◆ Activity
Here the job is to copy the data exactly and to exclude every image from it.

◆ Exercise data

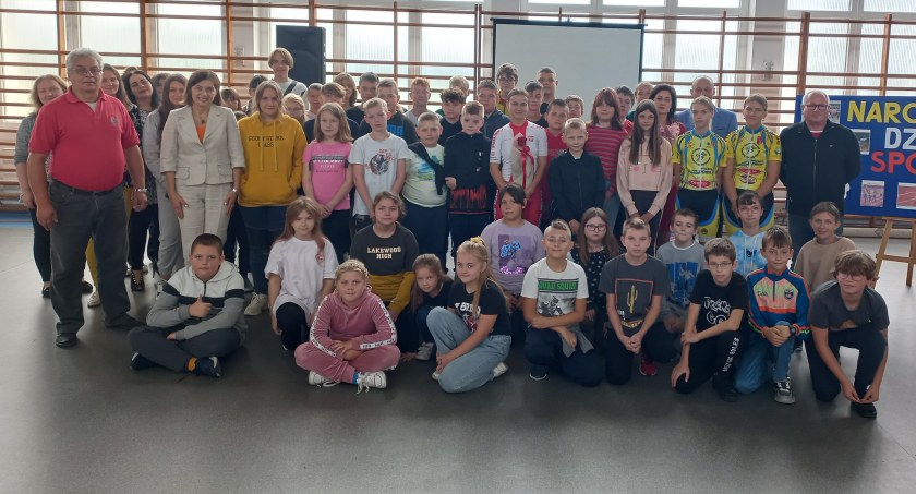 Podczas spotkania Eliza opowiedziała młodszym koleżankom i kolegom o swojej karierze sportowej, sukcesach oraz porażkach. – Przyznała, że jej przygoda z kolarstwem zaczęła się 6 lat temu od treningów w tej sali sportowej. Na spotkaniu zaszczycili swoją obecnością również rodzice naszej złotej medalistki, państwo Zofia i Piotr Rabażyńscy. Nie zabrakło także jej pierwszego trenera – pana Wiesława Młodziankiewicza, który dostrzegł w niej nieprzeciętny talent – mówi dyrektor ZS w Zbójnie Hanna Kułak.
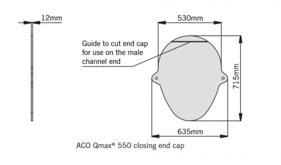 Made specifically for the unique elliptical shape of the Qmax range, this ACO Qmax 550 Slot Channel Closing End Cap ensures that 550 channels seal easily and securely. It fits well with the 550 components, which make use of sustainable and durable recycled MDPE for constructio... Read More
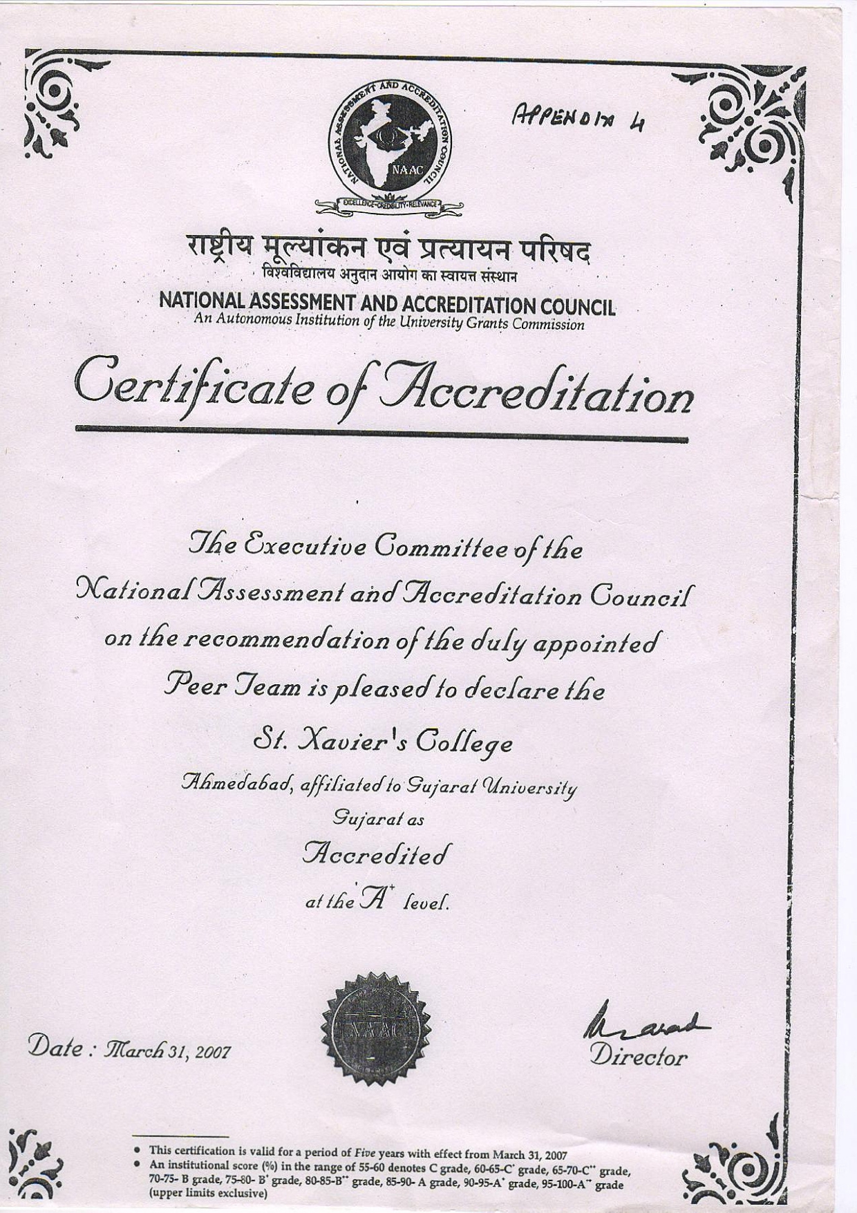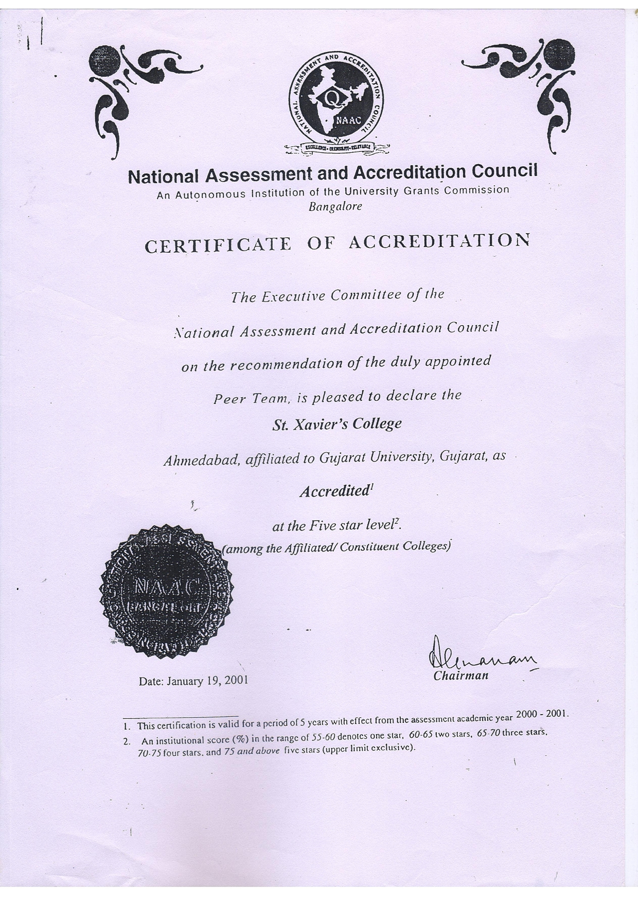 NAAC Certificate 2001 – 2006 (Cycle I)

◆ Response area
 Podczas spotkania Eliza opowiedziała młodszym koleżankom i kolegom o swojej karierze sportowej, sukcesach oraz porażkach. – Przyznała, że jej przygoda z kolarstwem zaczęła się 6 lat temu od treningów w tej sali sportowej. Na spotkaniu zaszczycili swoją obecnością również rodzice naszej złotej medalistki, państwo Zofia i Piotr Rabażyńscy. Nie zabrakło także jej pierwszego trenera – pana Wiesława Młodziankiewicza, który dostrzegł w niej nieprzeciętny talent – mówi dyrektor ZS w Zbójnie Hanna Kułak.
 Made specifically for the unique elliptical shape of the Qmax range, this ACO Qmax 550 Slot Channel Closing End Cap ensures that 550 channels seal easily and securely. It fits well with the 550 components, which make use of sustainable and durable recycled MDPE for constructio... Read More
 NAAC Certificate 2001 – 2006 (Cycle I)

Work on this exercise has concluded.